What is needed — Emit a verbatim copy of the lines below from the line with "022   Thomas Fearnley" through the line with "Coxim (MS): Os", excluding pictures and everything outside that range.

Raw data —
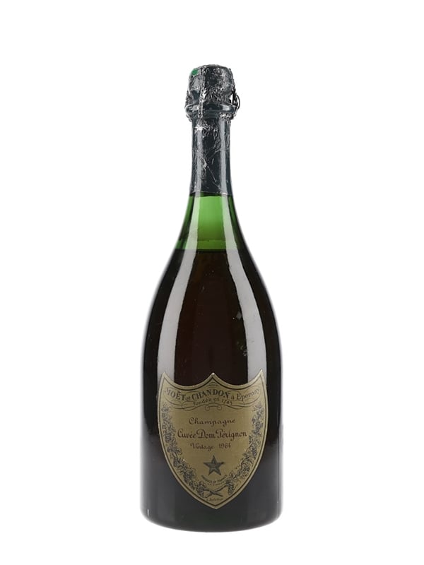A bottle of Dom Pérignon 1964 vintage Champagne from Moët & Chandon, a 50% Pinot Noir and 50% Chardonnay blend.
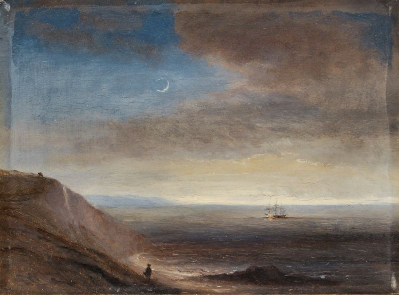 022   Thomas Fearnley (zugeschr.), Steilküste im Mondschein. Um 1835.
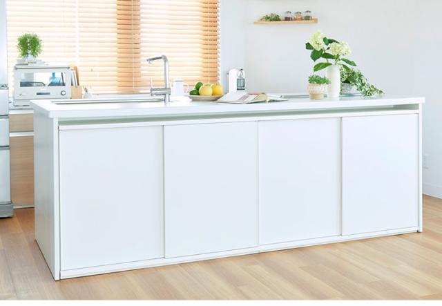 【特長】同じシリーズの商品を横に連結することができます。高さ8.1cmの巾木カットが標準加工。キッチン ダイニング リビングにちょうどよいサイズ。
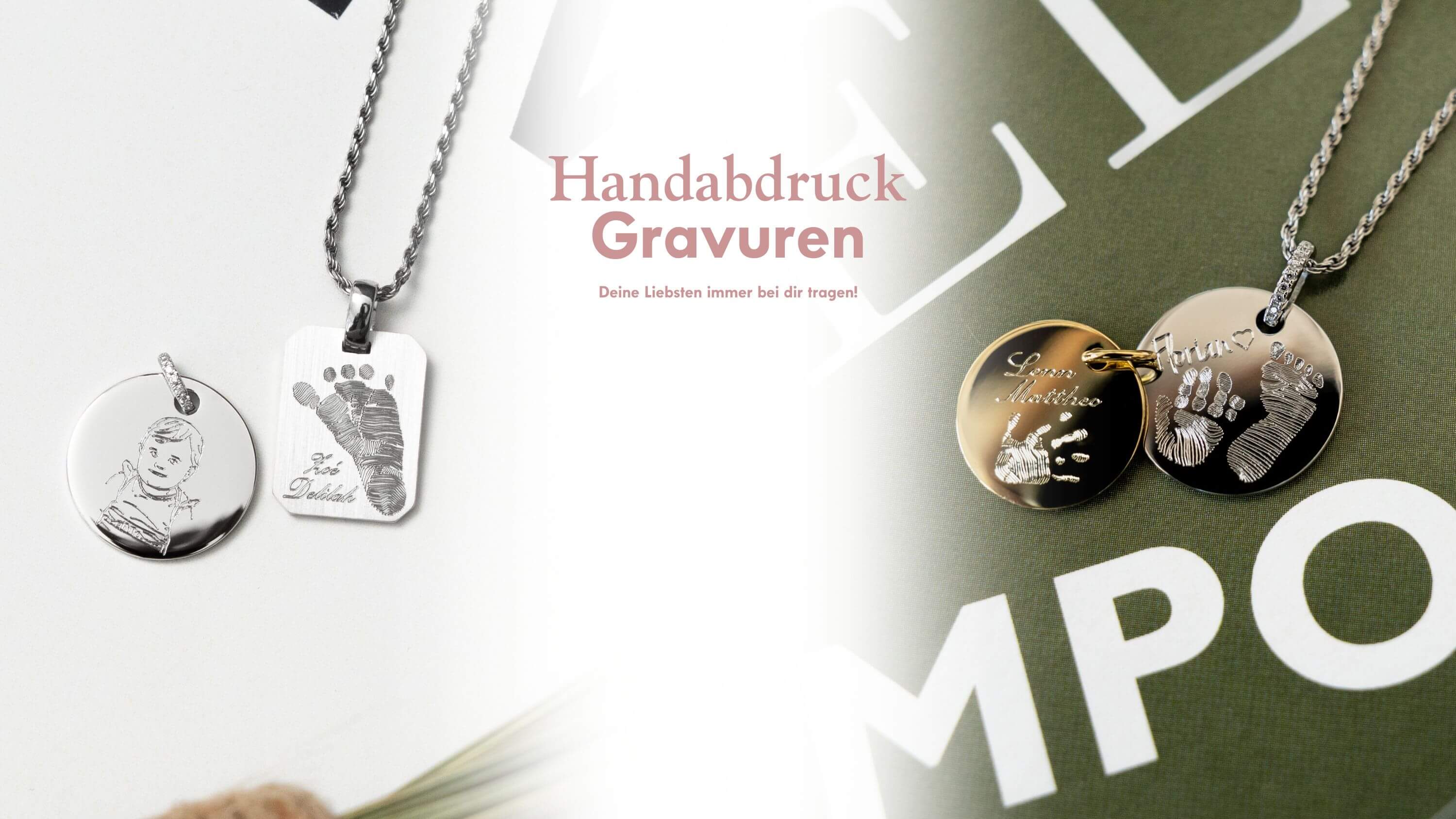 Unsere Halsketten mit Gravur und Armbänder mit Gravur sind nicht nur stilvolle Accessoires, sondern tragen eine persönliche Bedeutung. Ob Namenskette für Damen, Gravurarmband für Herren oder eine Taufkette mit Gravur – wir bieten eine große Auswahl an personalisierten Schmuckstücken. Dank modernster Gravurtechnik kannst du deine Initialen, ein Datum oder einen Fingerabdruck stilvoll verewigen.
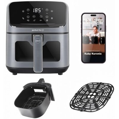 | Funkcje dodatkowe | Koszyk na frytki z ergonomiczną składaną raczką, Lampka kontrolna, Możliwość zawieszenia kosza nad poziomem oleju, Płynna regulacja temperatury, Przycisk otwierania pokrywy, Zdejmowana pokrywa |
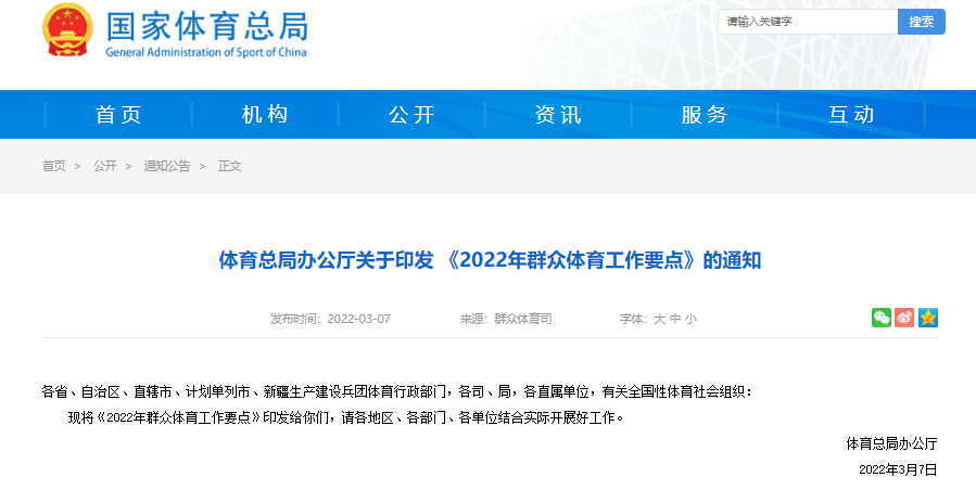 2022-03-242021年以来,全国群众体育工作在规划政策制定、解决“群众去哪儿健身”、推动群众体育赛事活动体系化、加强政策研究、标准制定和基础工作等方面,取得了新成效。特别是北京冬奥会的成功举办以及中国体育代表团参加东京奥运会、北京冬奥会取得优异成绩,对群众体育发展带来巨大推动作用。2022年群众体育工作要以习近平新时代中国特色社会主义思想为指导,深入贯彻落实习近平总书记关于体育工作重要论述.
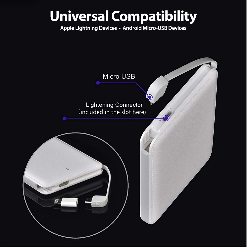 A Portable Battery Charger with a Built-in Micro Cable & Lightning Connector for Android Micro USB and Apple Products
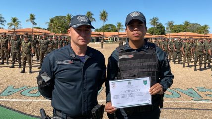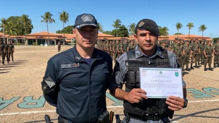 Coxim (MS): Os Policiais Militares do 5º Batalhão de Polícia Militar, Tenente Manoel Moreira de Oliveira e Sargento Renê Ricardo Furtado da Silva receberam na manhã de ontem (24/05), os Certificados de Conclusão do Estágio de Adaptação de Aeromóveis no 47º Batalhão de Infantaria de Coxim.
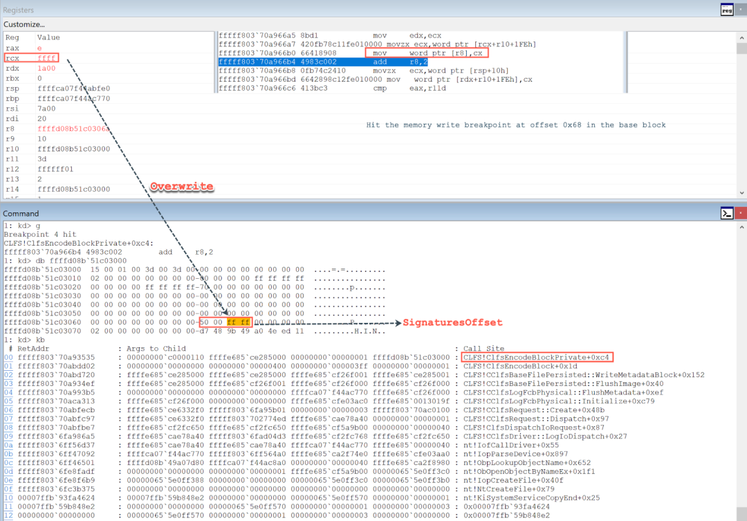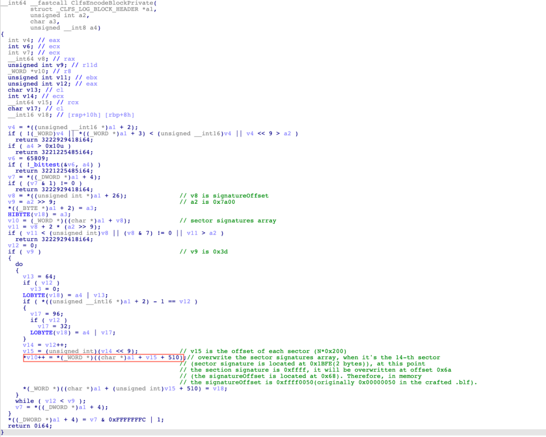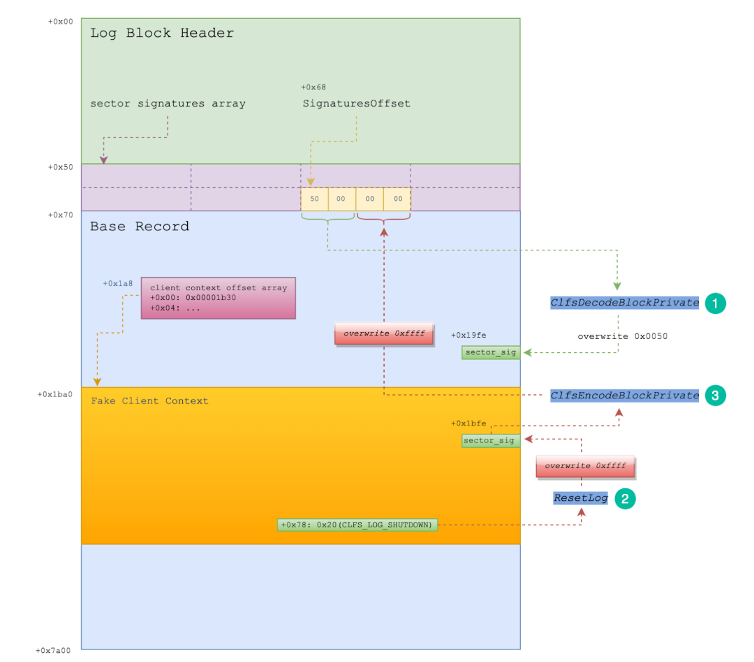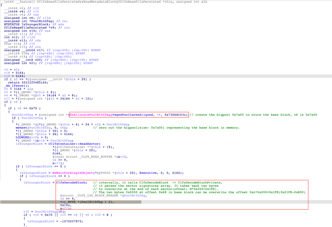 Figure 21 shows the pseudo-code snippet of the CClfsBaseFilePersisted::ReadMetadataBlock function, where  the ExAllocatePoolWithTag(PagedPoolCacheAligned, 0x7a00, 0x73666C43u) is called to create a bigpool to store the base block, followed by initializations, and then the ClfsDecodeBlock function is called to decode the block. In the ClfsDecodeBlock function,  the ClfsDecodeBlockPrivate function is called to parse the sector signatures array that is located at offset 0x50 (the value of SignaturesOffset) in the base block. Two bytes are required to overwrite the sector signature of each sector. These two bytes 0x0050 at offset 0x68 in the base block can be overwritten to the offset 0x19FE (0xC*0x200+0x1FE) where the sector signature of the 13th section is stored. At this point, we can set two memory write breakpoints which are located at base_block+0x68 and base_block+0x200*0xE-0x8. The purpose of setting these two memory write breakpoints is to trace when the sector signature of the 14th sector in the base block is overwritten, and the SignaturesOffset field in the base block is overwritten to 0xFFFF0050.
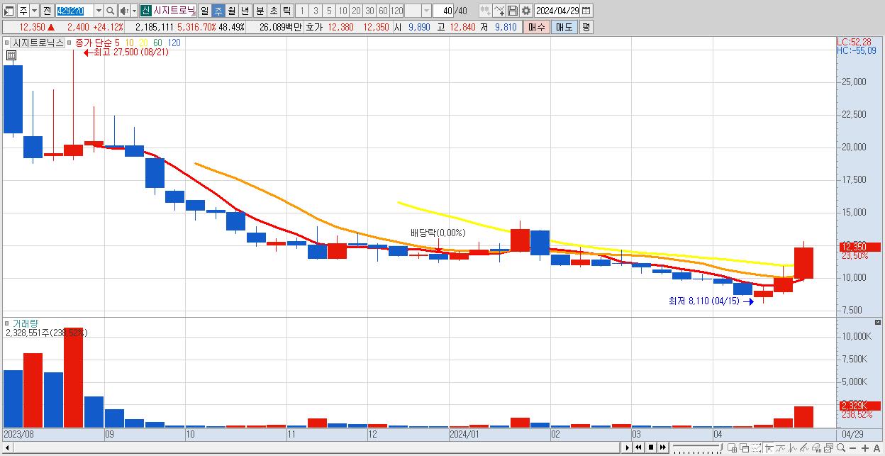 - 시지트로닉스 (12,350원 ▲ 23.5% , 시총: 557억, 거래량: 2,328,551, 거래대금:276억)
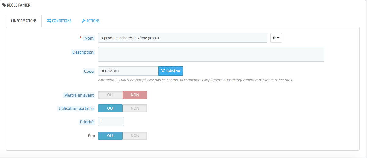 – si vous souhaitez que la promotion se fasse par un bon de réduction saisissez ce code dans le champ « Code ».
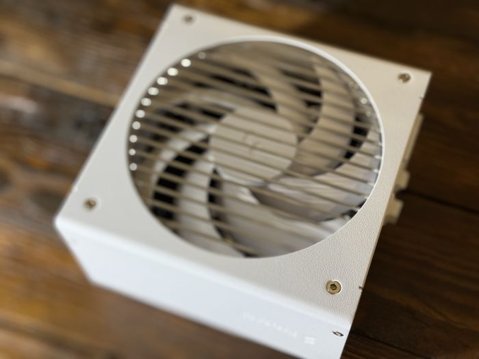 Na chladenie komponentov využíva zdroj 140mm ventilátor Momentum s FDB ložiskom a voliteľným režimom Zero‑RPM - pri nízkej záťaži sa ventilátor netočí. Zdroj má certifikáciu 80 PLUS Gold, prémiové japonské kondenzátory s teplotnou odolnosťou 105 °C.
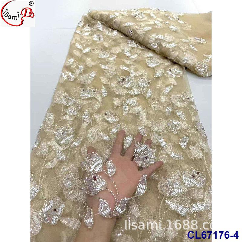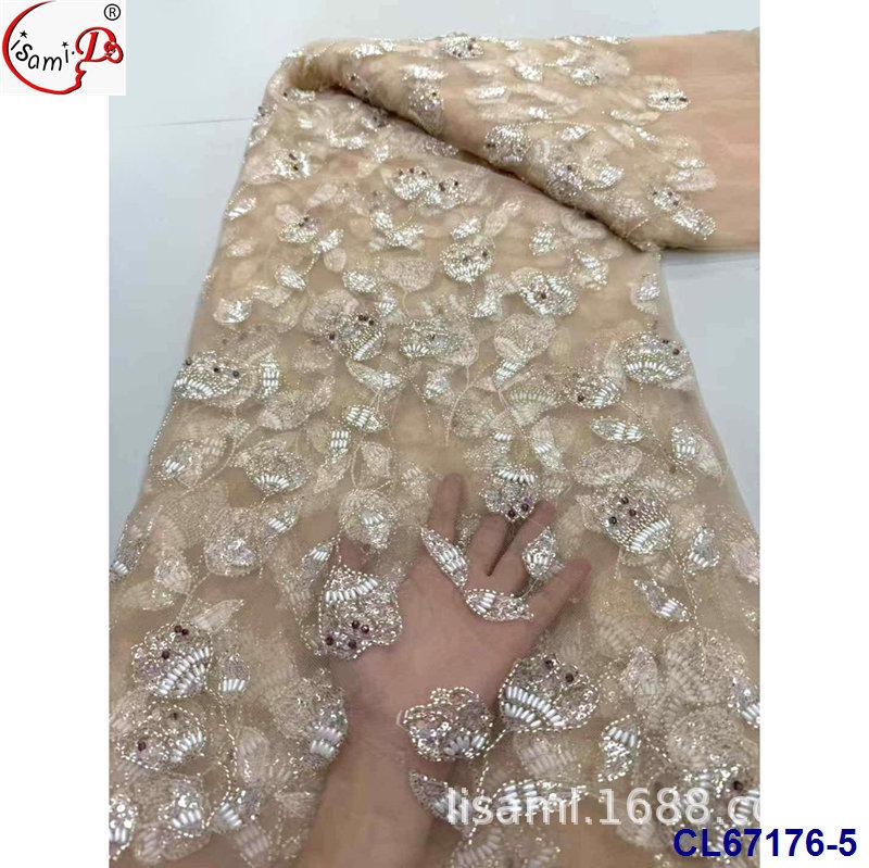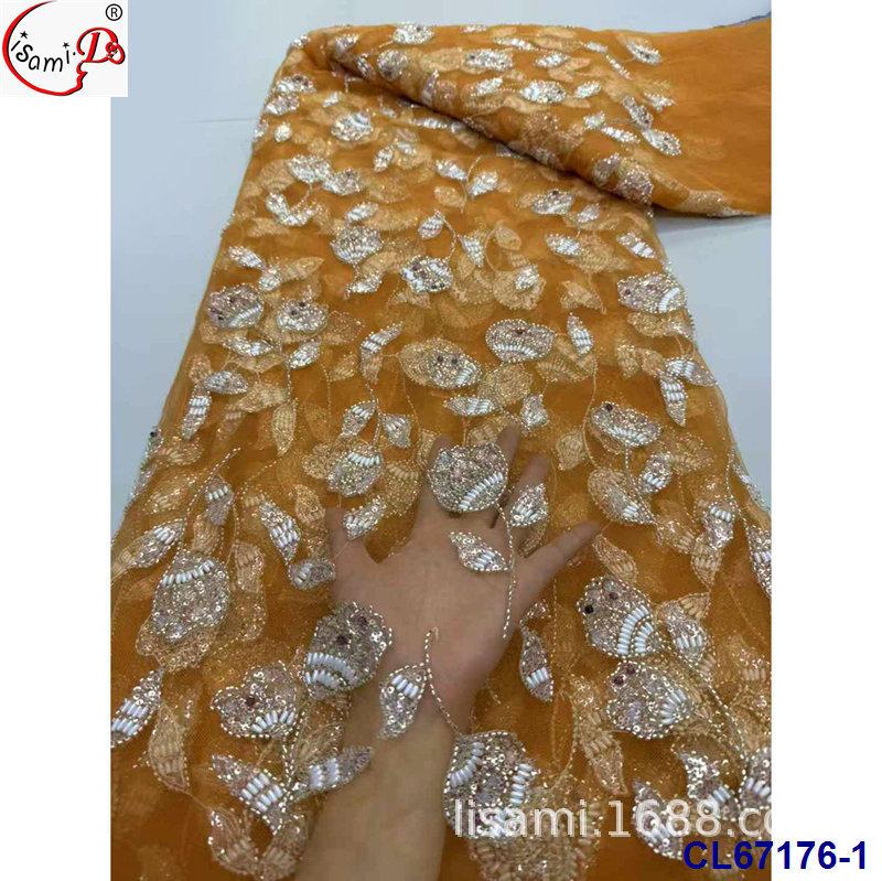 Encaje Francés Retro de Ancho Completo con Cuentas de Burbuja y Lentejuelas Bordado Floral Denso Vestido Vestido Malla Bordado Venta al por Mayor
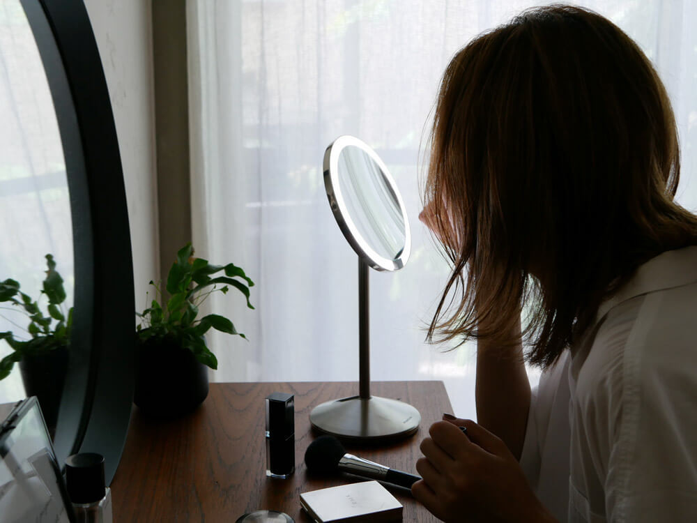 顔を近づけると自動で点灯するセンサーライト機能付の「メイクアップミラー」。
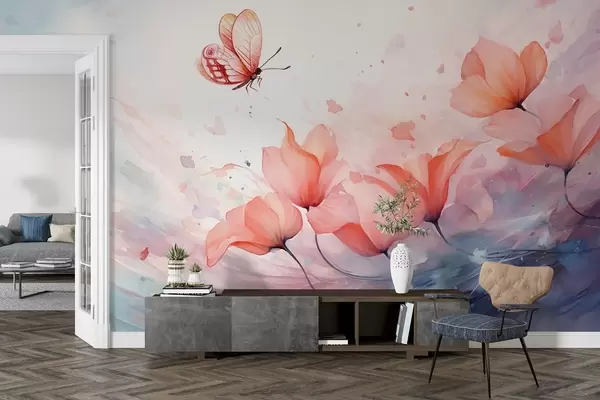 Fototapeedid Õrnad moonid koos liblikaga akvarellistiilis Nr w08849
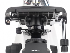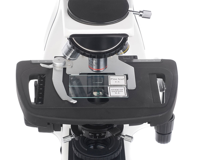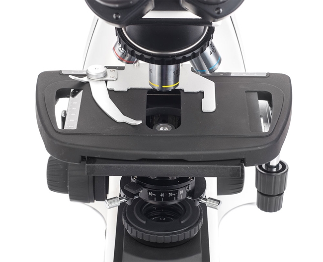 Оборудованный микрометрическими суппортами предметный столик имеет матовое графитовое покрытие, устойчивое к образованию царапин и пятен. Между зажимными лапками препаратоводителя можно разместить сразу 2 слайда и перемещать их параллельно, сравнивая исследуемые образцы на выбранном увеличении. При размерах столика 21.5 x 15 см диапазоны перемещения слайда вдоль горизонтальных осей составляют 0–7.5 см (по ширине) и 0–5.5 см (вглубь). Закрепленные на едином валу микрометрические винты имеют плавный ход, ими легко управлять не глядя.

Task answer —
 022   Thomas Fearnley (zugeschr.), Steilküste im Mondschein. Um 1835.
 【特長】同じシリーズの商品を横に連結することができます。高さ8.1cmの巾木カットが標準加工。キッチン ダイニング リビングにちょうどよいサイズ。
 Unsere Halsketten mit Gravur und Armbänder mit Gravur sind nicht nur stilvolle Accessoires, sondern tragen eine persönliche Bedeutung. Ob Namenskette für Damen, Gravurarmband für Herren oder eine Taufkette mit Gravur – wir bieten eine große Auswahl an personalisierten Schmuckstücken. Dank modernster Gravurtechnik kannst du deine Initialen, ein Datum oder einen Fingerabdruck stilvoll verewigen.
 | Funkcje dodatkowe | Koszyk na frytki z ergonomiczną składaną raczką, Lampka kontrolna, Możliwość zawieszenia kosza nad poziomem oleju, Płynna regulacja temperatury, Przycisk otwierania pokrywy, Zdejmowana pokrywa |
 2022-03-242021年以来,全国群众体育工作在规划政策制定、解决“群众去哪儿健身”、推动群众体育赛事活动体系化、加强政策研究、标准制定和基础工作等方面,取得了新成效。特别是北京冬奥会的成功举办以及中国体育代表团参加东京奥运会、北京冬奥会取得优异成绩,对群众体育发展带来巨大推动作用。2022年群众体育工作要以习近平新时代中国特色社会主义思想为指导,深入贯彻落实习近平总书记关于体育工作重要论述.
 A Portable Battery Charger with a Built-in Micro Cable & Lightning Connector for Android Micro USB and Apple Products
 Coxim (MS): Os Policiais Militares do 5º Batalhão de Polícia Militar, Tenente Manoel Moreira de Oliveira e Sargento Renê Ricardo Furtado da Silva receberam na manhã de ontem (24/05), os Certificados de Conclusão do Estágio de Adaptação de Aeromóveis no 47º Batalhão de Infantaria de Coxim.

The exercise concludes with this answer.